Liang Shu reached into his robe and produced a small, unmarked bronze token. He placed it on the low table between them. "This is a maintenance key for the lower conduit inspection ports. It will open a grate at the base of the North Peak waterfall, behind the curtain of ice. What you find beyond that is your own affair."

He turned to leave, then stopped at the door. "The vents are not monitored. But the path to them is. Go after the midnight bell, when the moon is behind the western ridge. The watch formations on the lower paths cycle. You will have a chance. A small one."

He slid the door open. "Hide the symptom, Lin Tian. Or the trial will be the least of your worries."

Then he was gone, the door clicking shut behind him.

Lin Tian stared at the bronze token. It looked ordinary, worn smooth by time. He picked it up. It was warm, almost uncomfortably so, in his cold hand.

He looked at his arm, pushing the sleeve back up. The black veins had spread to his shoulder now, a web of darkness against his pale skin. He had a direction. A terrible, risky direction.

The system interface glowed.

[New Objective Acquired: Secure Yang-Heat Source.]

[Location Identified: Sealed Geothermal Vents, North Peak Sub-Level.]

[Time Constraint: Manifestation will become visually undeniable within 48 hours.]

He had two days. One night to find a hidden fire in a mountain of ice.

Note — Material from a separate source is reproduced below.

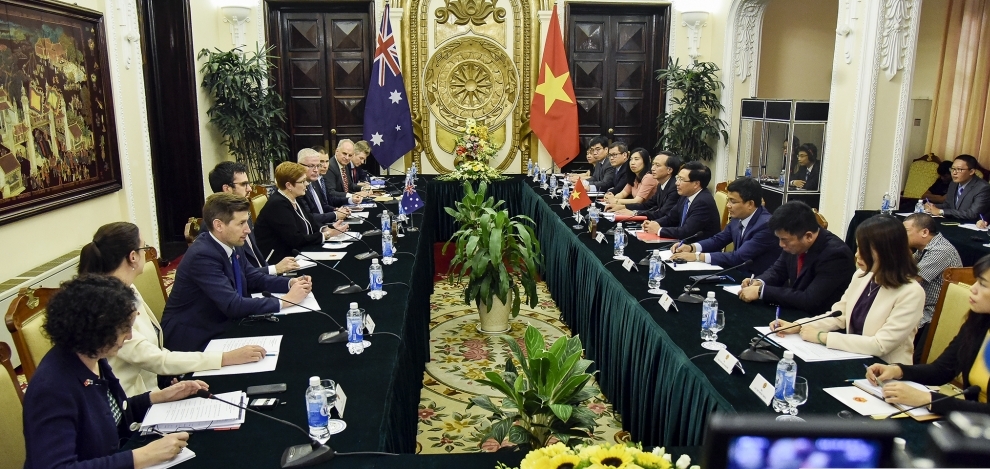 Nhận lời mời của Phó Thủ tướng, Bộ trưởng Ngoại giao Phạm Bình Minh, Bộ trưởng Ngoại giao Ô-xtrây-li-a Ma-ri-xơ Pên (Marise Payne) thăm chính thức Việt Nam từ ngày 12 -13/6/2019. Sáng 12/ 6, Phó Thủ tướng, Bộ trưởng Ngoại giao Phạm Bình Minh đã có cuộc hội đàm với Bộ trưởng Ma-ri-xơ Pên tại Nhà khách Chính phủ.
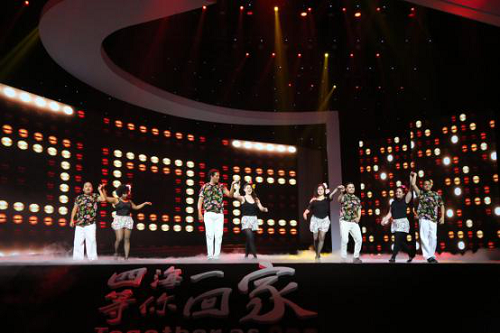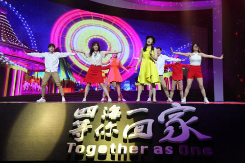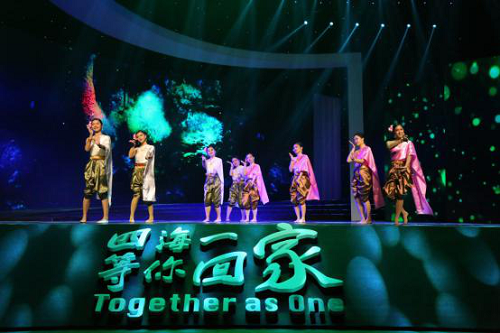 吉米表演戏曲演出最后,校园原创音乐《四海一家》歌声响起,全体演职人员上台谢幕,并与到场领导和嘉宾合影留念。

Lin Tian pocketed the token, the metal a tiny spot of heat against his thigh. He looked out the window at the dark, cloud-choked sky.

After the midnight bell. He had hours to wait. Hours to sit with the ice in his veins.

He sat back down on the mat, pulling his sleeve down over the curse. He closed his eyes, not to cultivate, but to endure. To hold the line. The greatest victory was sometimes the one where you lost nothing.

Tonight, he couldn’t afford to lose anything at all.